Top of Dataset section

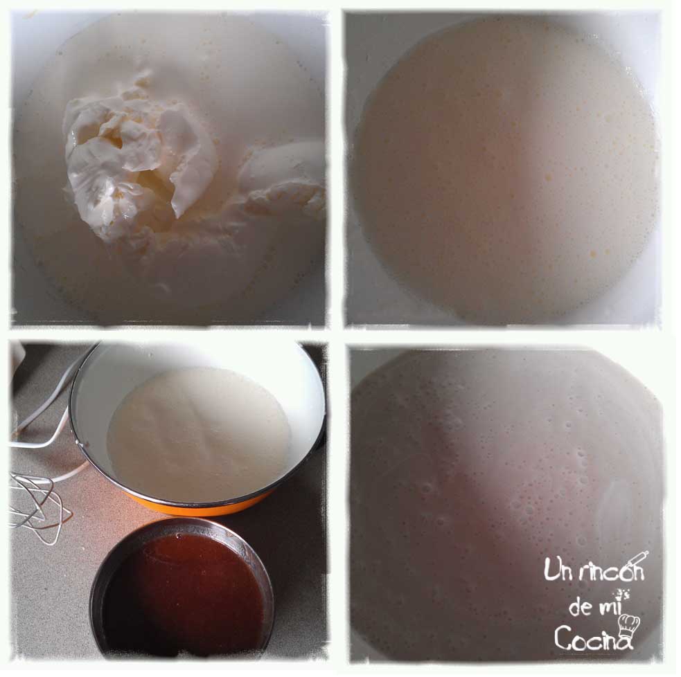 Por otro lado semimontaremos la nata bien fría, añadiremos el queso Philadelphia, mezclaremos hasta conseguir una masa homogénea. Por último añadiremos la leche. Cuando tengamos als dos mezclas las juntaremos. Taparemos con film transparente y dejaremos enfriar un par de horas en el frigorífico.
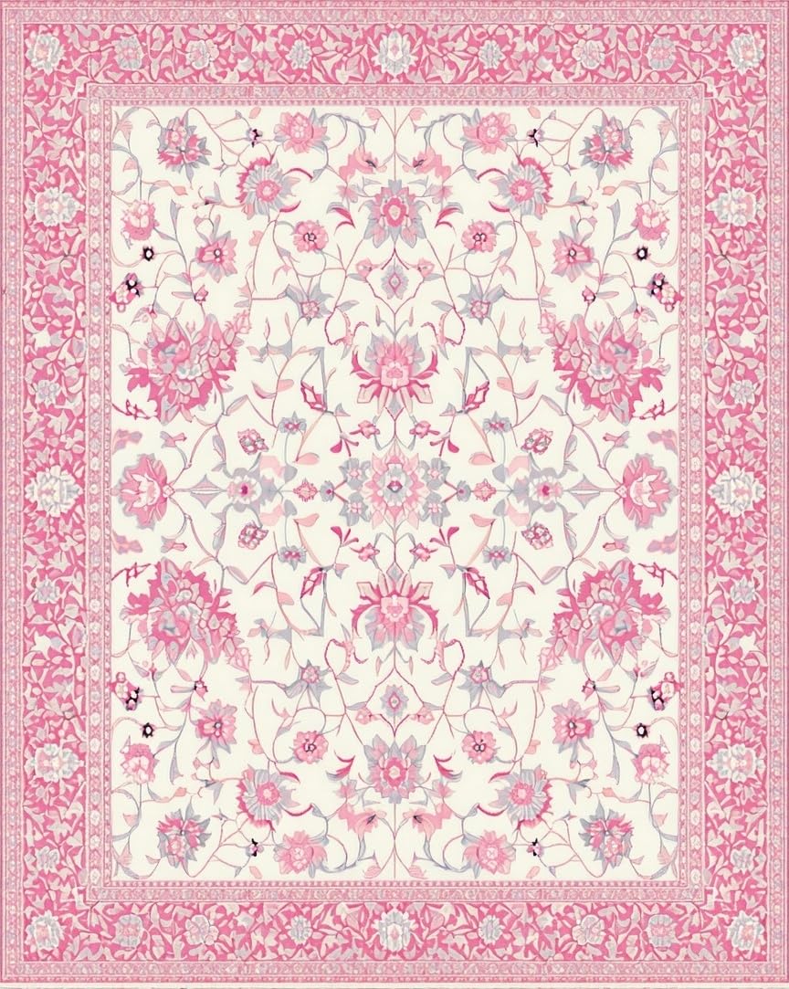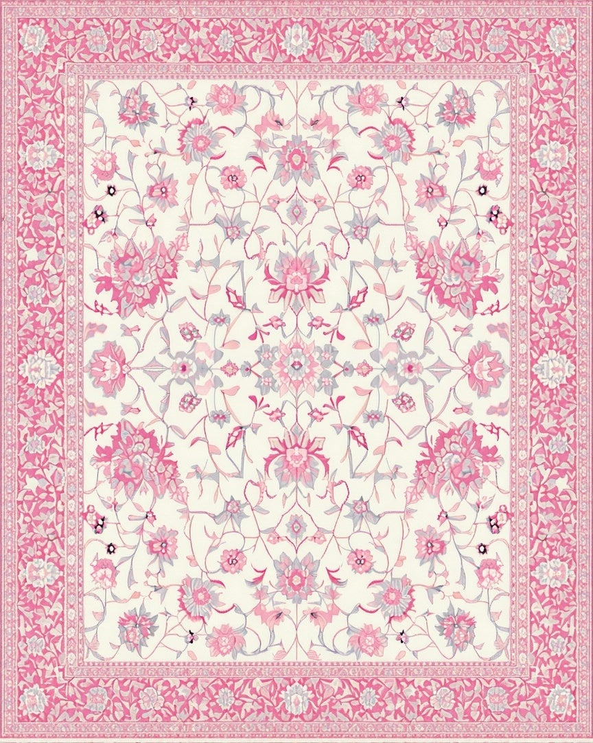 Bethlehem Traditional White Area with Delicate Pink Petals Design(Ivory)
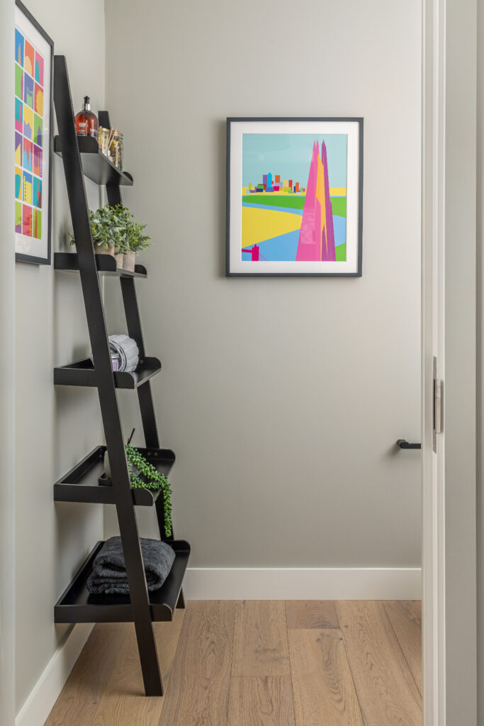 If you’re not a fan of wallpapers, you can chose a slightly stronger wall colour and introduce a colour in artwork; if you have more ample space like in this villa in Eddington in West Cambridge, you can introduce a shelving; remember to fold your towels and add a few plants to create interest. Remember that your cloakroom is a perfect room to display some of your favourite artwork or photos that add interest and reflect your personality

Bottom of Dataset section

_What to do:_
In your transcription of the listing above, match each line exactly and include no pictures.

_Answer:_
 Por otro lado semimontaremos la nata bien fría, añadiremos el queso Philadelphia, mezclaremos hasta conseguir una masa homogénea. Por último añadiremos la leche. Cuando tengamos als dos mezclas las juntaremos. Taparemos con film transparente y dejaremos enfriar un par de horas en el frigorífico.
 Bethlehem Traditional White Area with Delicate Pink Petals Design(Ivory)
 If you’re not a fan of wallpapers, you can chose a slightly stronger wall colour and introduce a colour in artwork; if you have more ample space like in this villa in Eddington in West Cambridge, you can introduce a shelving; remember to fold your towels and add a few plants to create interest. Remember that your cloakroom is a perfect room to display some of your favourite artwork or photos that add interest and reflect your personality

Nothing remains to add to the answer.